[BugFix]: Sparse2of4 example sparsity-only case (#1282)

rahul-tuli · web-flow · commit 8f6a0b5fc939 · 2025-03-25T11:56:50.000-04:00
The Sparse2of4 example supports two modes of operation: - Sparsity-only - Sparsity + Quantization (only supported for symmetric quantization) In a recent update, we removed the `ConstantPruningModifier` from the Sparse2of4 example and added a check to raise an error if **asymmetric quantization** was being used. However, this check was incorrectly placed outside the quantization-specific code path and unconditionally accessed the scheme attribute from the quantization modifier. This caused failures in sparsity-only cases, as reported in [INFERENG-483](https://issues.redhat.com/browse/INFERENG-483). ### Fix This PR moves the asymmetric quantization check inside the quantization code path to ensure it is only evaluated when quantization is actually enabled. ### Testing The example was tested by running it both with and without the `--fp8` flag. In both cases, successful completion was verified. Signed-off-by: Rahul Tuli <rahul@neuralmagic.com>
diff --git a/examples/sparse_2of4_quantization_fp8/llama3_8b_2of4.py b/examples/sparse_2of4_quantization_fp8/llama3_8b_2of4.py
@@ -60,13 +60,13 @@ def get_recipe(fp8_enabled):
         )
         save_dir = MODEL_ID.split("/")[1] + "2of4-W8A8-FP8-Dynamic-Per-Token"
 
-    # check that asymmetric quantization is not being used
-    q_scheme = base_recipe[1].scheme
-    if not isinstance(q_scheme, str) and not q_scheme["weights"].symmetric:
-        raise ValueError(
-            "Asymmetric quantization with 2of4 sparsity is not supported by vLLM. "

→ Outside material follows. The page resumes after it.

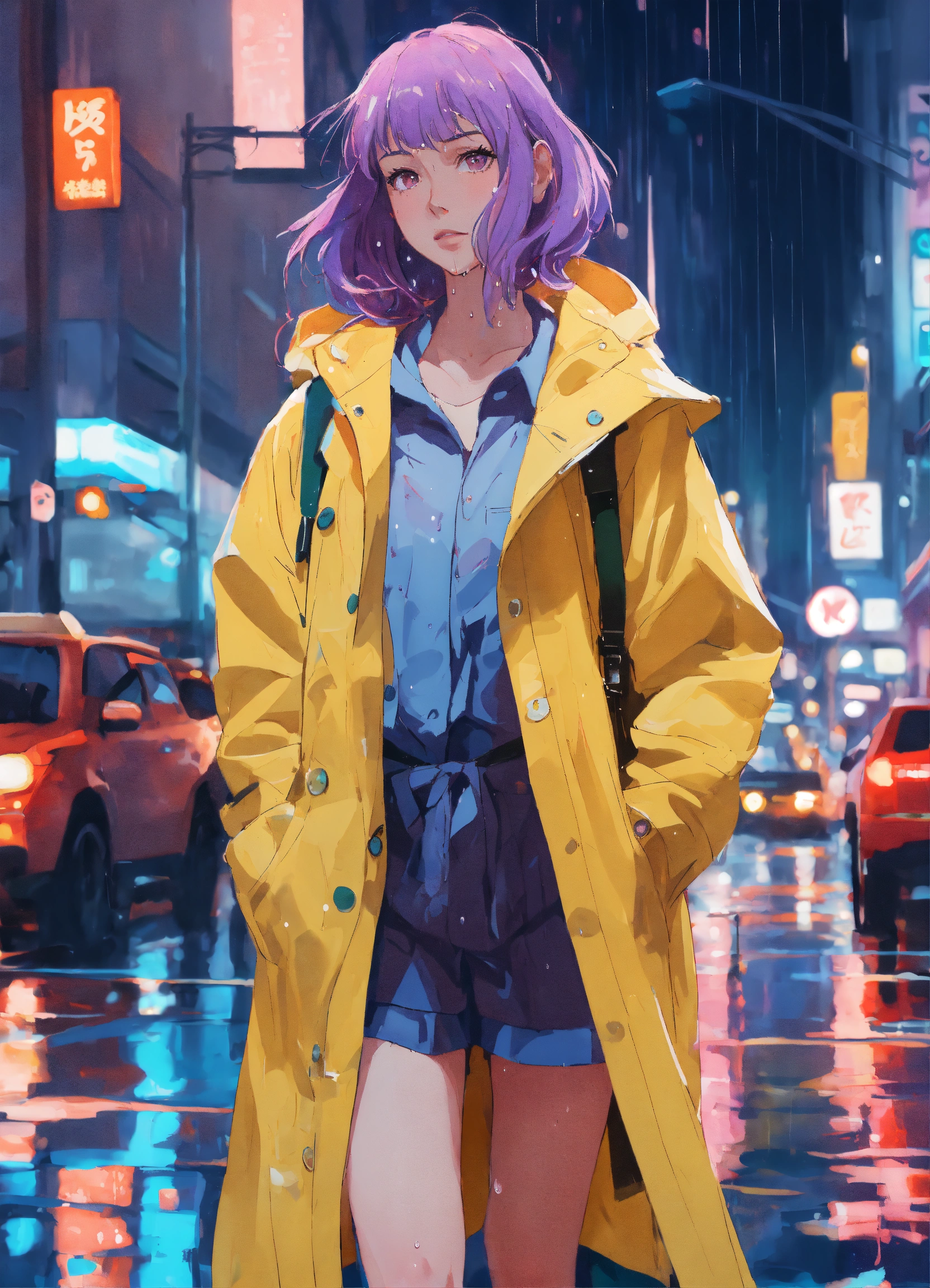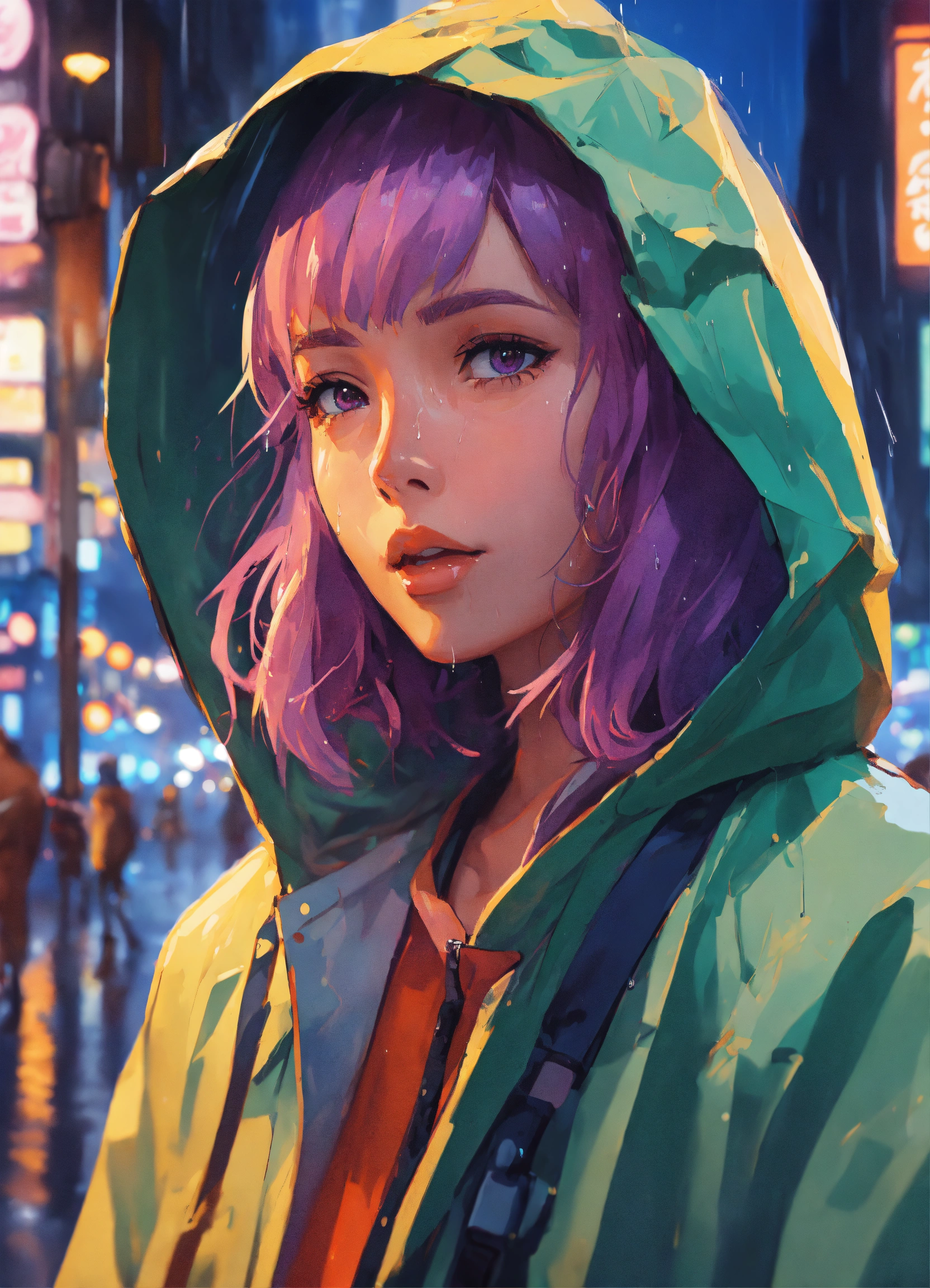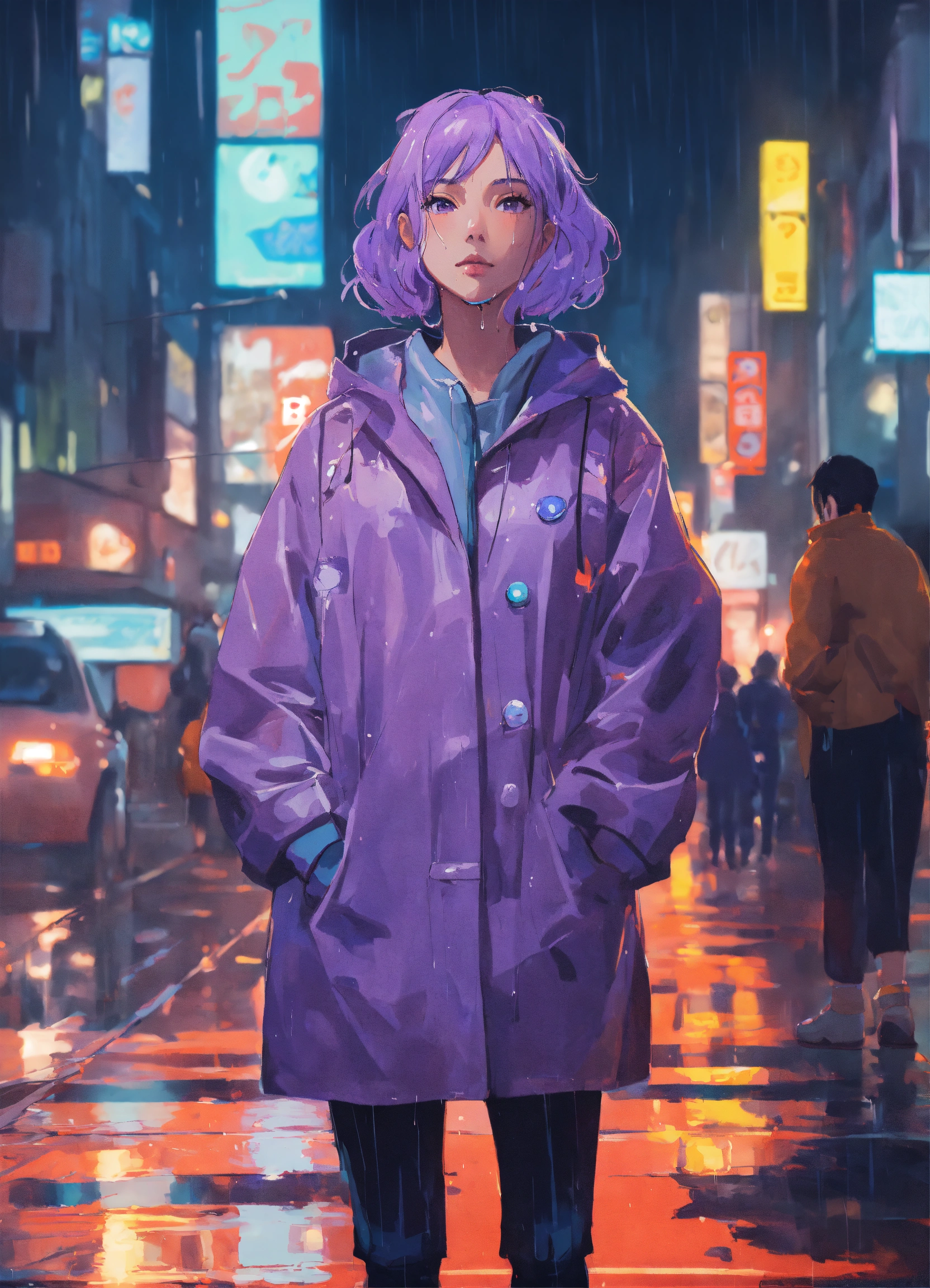 8k photo portrait of a stunning woman with violet hair in a pastel raincoat, looking at the camera, at a bustling crosswalk at night, wet reflections, highly detailed, studio ghibli, akira toriyama, james gilleard, genshin impact, trending pixiv fanbox, acrylic palette knife, 4k, vibrant colors

-            "Please use symmetric quantization"
-        )
+        # check that asymmetric quantization is not being used
+        q_scheme = base_recipe[1].scheme
+        if not isinstance(q_scheme, str) and not q_scheme["weights"].symmetric:
+            raise ValueError(
+                "Asymmetric quantization with 2of4 sparsity is not supported by vLLM. "
+                "Please use symmetric quantization"
+            )
 
     return base_recipe, save_dir